* [PROBLEM TO WORK ON] After locating the line that contains "Різноманітні об'єктивні та", quote it and all lines after it through the end of the entries, and nothing more. Pictures stay out.

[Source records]
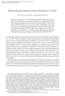 浙江大学张俊森教授(合作者樊漪、易君健)所撰写的《中国上升的代际收入持续性》一文,2021年发表于American Economic Journal: Economic Policy,获“第二十二届浙江省哲学社会科学优秀成果奖”一等奖(基础理论研究优秀成果奖)。
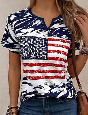 День независимости США Жен. Футболка С принтом Цветочный принт Графика Флаг Стиль Классика На каждый день С короткими рукавами Вырез под горло Круглый вырез Обычные топы Повседневные
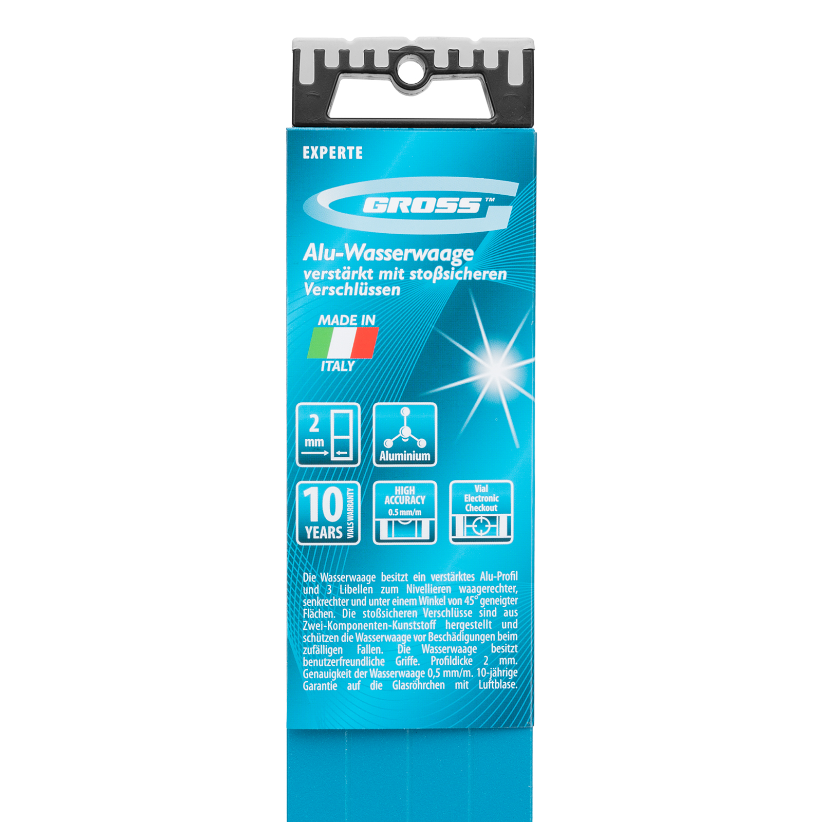 Усиленный алюминиевый уровень Gross 34340 длиной 2000 мм, с ударопрочными заглушками, рукоятками и 3 глазками, — универсальный инструмент для решения профессиональных задач на строительной площадке. Благодаря ему можно выровнять поверхности относительно горизонтали и вертикали или проверить соответствие углу 45 градусов.
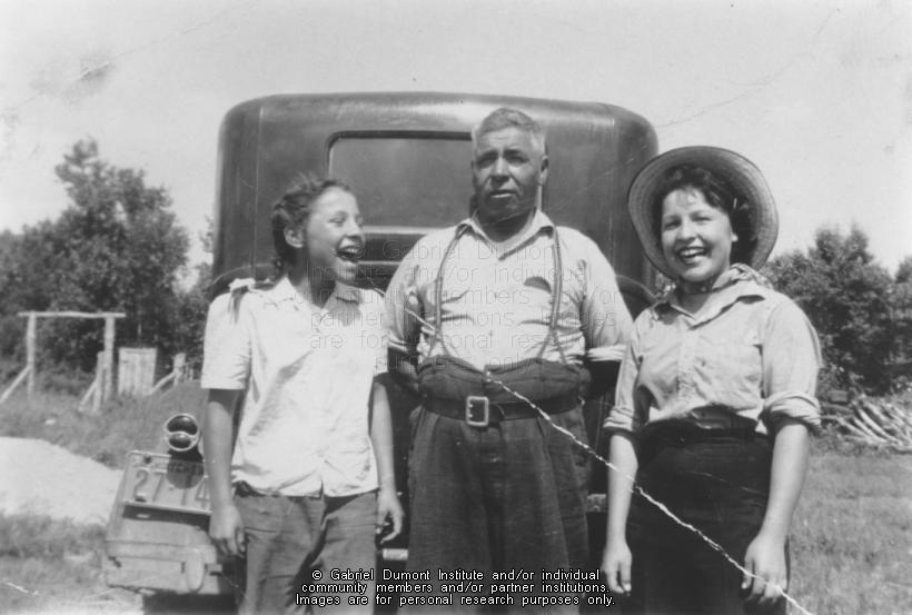 Photograph of Louis Pelletier and two girls posed outdoors in front of a car. The man is wearing a button-up shirt and pants with a belt and suspenders. The girl on the left has her hair in braids and is wearing a white blouse with pants. The girl on the right is older and she is wearing a straw hat, a scarf, a light coloured blouse and dark pants. |
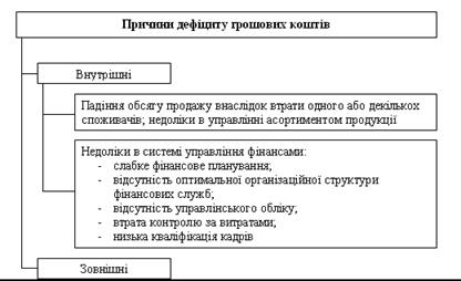 Різноманітні об'єктивні та суб'єктивні причини можуть викликати дефіцит грошових коштів на підприємстві (рис. 1.2), що неминуче призведе до негативних наслідків:
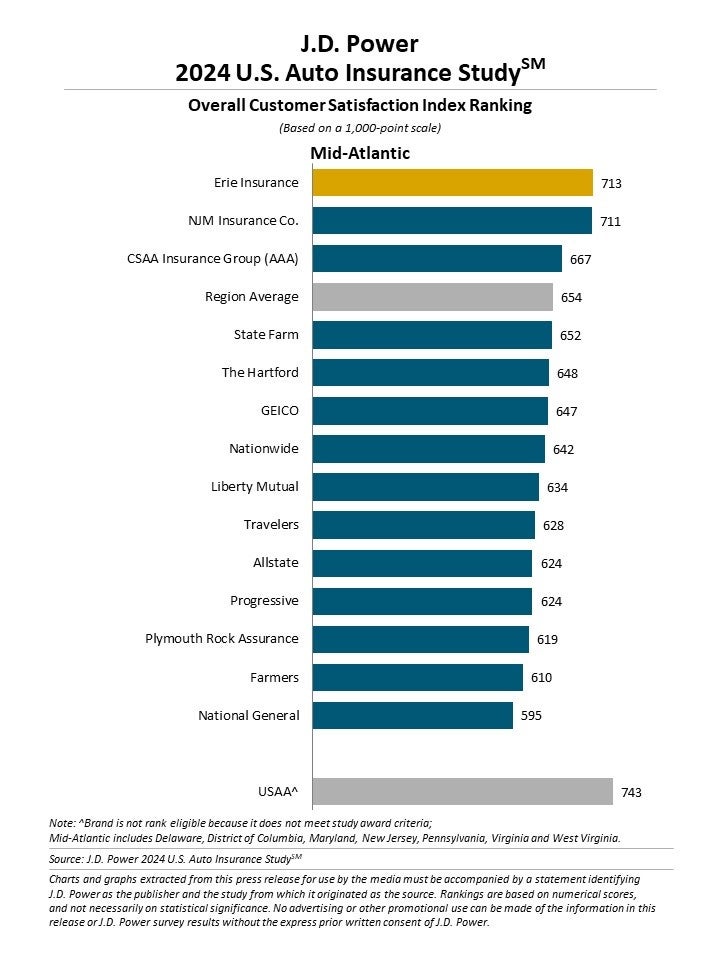 【大西洋側中部】Erie Insurance(エリー)(713ポイント、3年連続の総合満足度第1位)
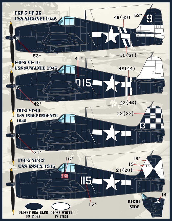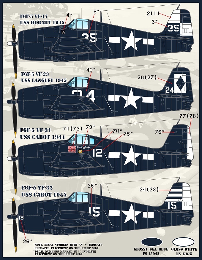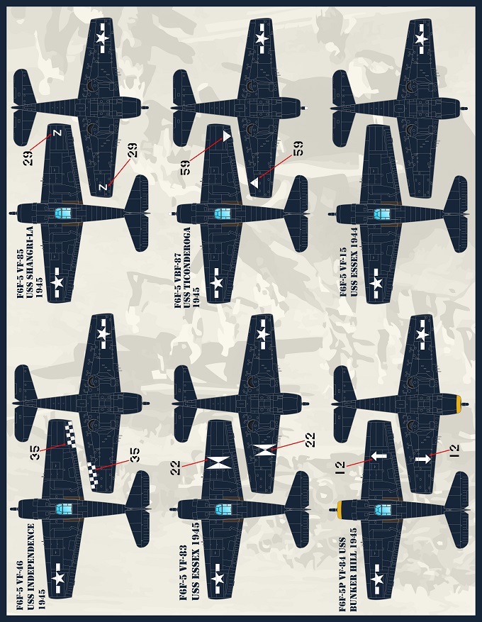 This set options for 12 F6F-5 Hellcats in the Glossy Sea Blue scheme: It is sized for the Eduard kits.
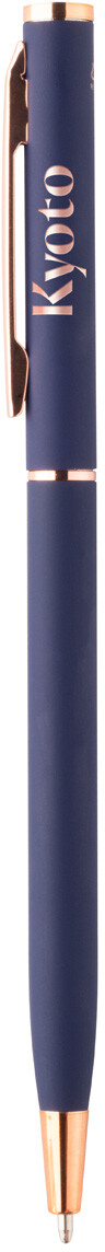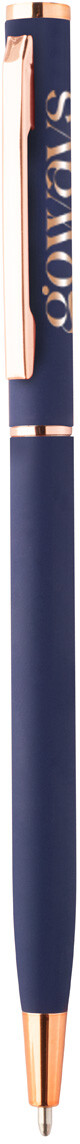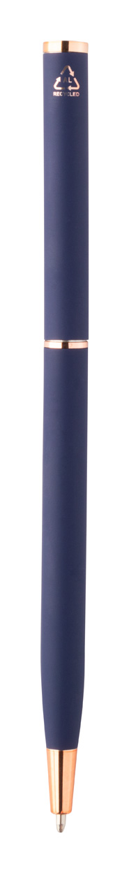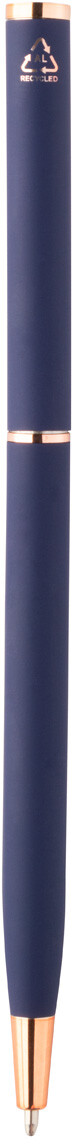 Kuličkové pero z recyklovaného hliníku s pogumovaným povrchem a detaily z růžového zlata. Se speciální povrchovou úpravou pro zrcadlové laserové gravírování v barvě růžového zlata. S modrou náplní.
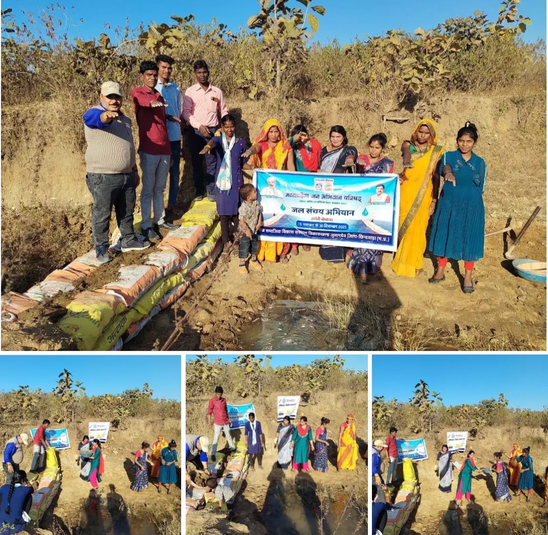 म.प्र. जन अभियान परिषद भोपाल के आदेशानुसार जिला कलेक्टर श्री हरेंद्र नारायन के निर्देशानुसार म.प्र. जन अभियान परिषद छिंदवाड़ा के जिला समन्वयक श्री अखिलेश जैन व ब्लॉक समन्वयक श्री संजय बामने की उपस्थिति में विकासखंड जुन्नारदेव के सेक्टर क्रमांक-3 पालाचौरई की नवांकुर योजना में चयनित संस्था पंख सामाजिक विकास संस्थान जुन्नारदेव की सदस्य सुश्री विनीता पंद्राम के साथ मिलकर जल संचय अभियान के अंतर्गत मुख्यमंत्री सामुदायिक नेतृत्व क्षमता विकास कार्यक्रम अंतर्गत बीएसडब्ल्यू/एमएसडब्ल्यू के अध्यनरत छात्र- छात्राओं ने जल संरक्षण के उद्देश्य से ग्राम पंचायत बुर्रीकलां में रैनीधाम रोड़ में स्थित गहरा नाला पर बोरी बंधान किया गया।
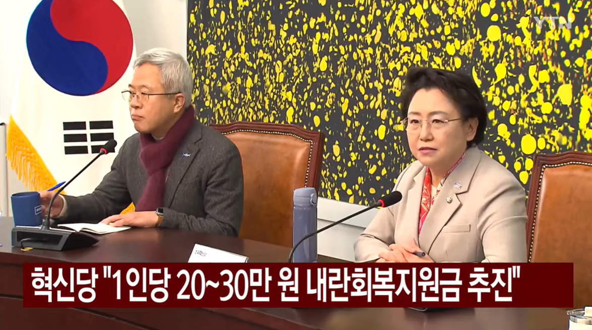 조국혁신당, "국민 1인당 내란회복지원금 30만 원 지급 제안"

* [RESPONSE TO THIS EXERCISE]
 Різноманітні об'єктивні та суб'єктивні причини можуть викликати дефіцит грошових коштів на підприємстві (рис. 1.2), що неминуче призведе до негативних наслідків:
 【大西洋側中部】Erie Insurance(エリー)(713ポイント、3年連続の総合満足度第1位)
 This set options for 12 F6F-5 Hellcats in the Glossy Sea Blue scheme: It is sized for the Eduard kits.
 Kuličkové pero z recyklovaného hliníku s pogumovaným povrchem a detaily z růžového zlata. Se speciální povrchovou úpravou pro zrcadlové laserové gravírování v barvě růžového zlata. S modrou náplní.
 म.प्र. जन अभियान परिषद भोपाल के आदेशानुसार जिला कलेक्टर श्री हरेंद्र नारायन के निर्देशानुसार म.प्र. जन अभियान परिषद छिंदवाड़ा के जिला समन्वयक श्री अखिलेश जैन व ब्लॉक समन्वयक श्री संजय बामने की उपस्थिति में विकासखंड जुन्नारदेव के सेक्टर क्रमांक-3 पालाचौरई की नवांकुर योजना में चयनित संस्था पंख सामाजिक विकास संस्थान जुन्नारदेव की सदस्य सुश्री विनीता पंद्राम के साथ मिलकर जल संचय अभियान के अंतर्गत मुख्यमंत्री सामुदायिक नेतृत्व क्षमता विकास कार्यक्रम अंतर्गत बीएसडब्ल्यू/एमएसडब्ल्यू के अध्यनरत छात्र- छात्राओं ने जल संरक्षण के उद्देश्य से ग्राम पंचायत बुर्रीकलां में रैनीधाम रोड़ में स्थित गहरा नाला पर बोरी बंधान किया गया।
 조국혁신당, "국민 1인당 내란회복지원금 30만 원 지급 제안"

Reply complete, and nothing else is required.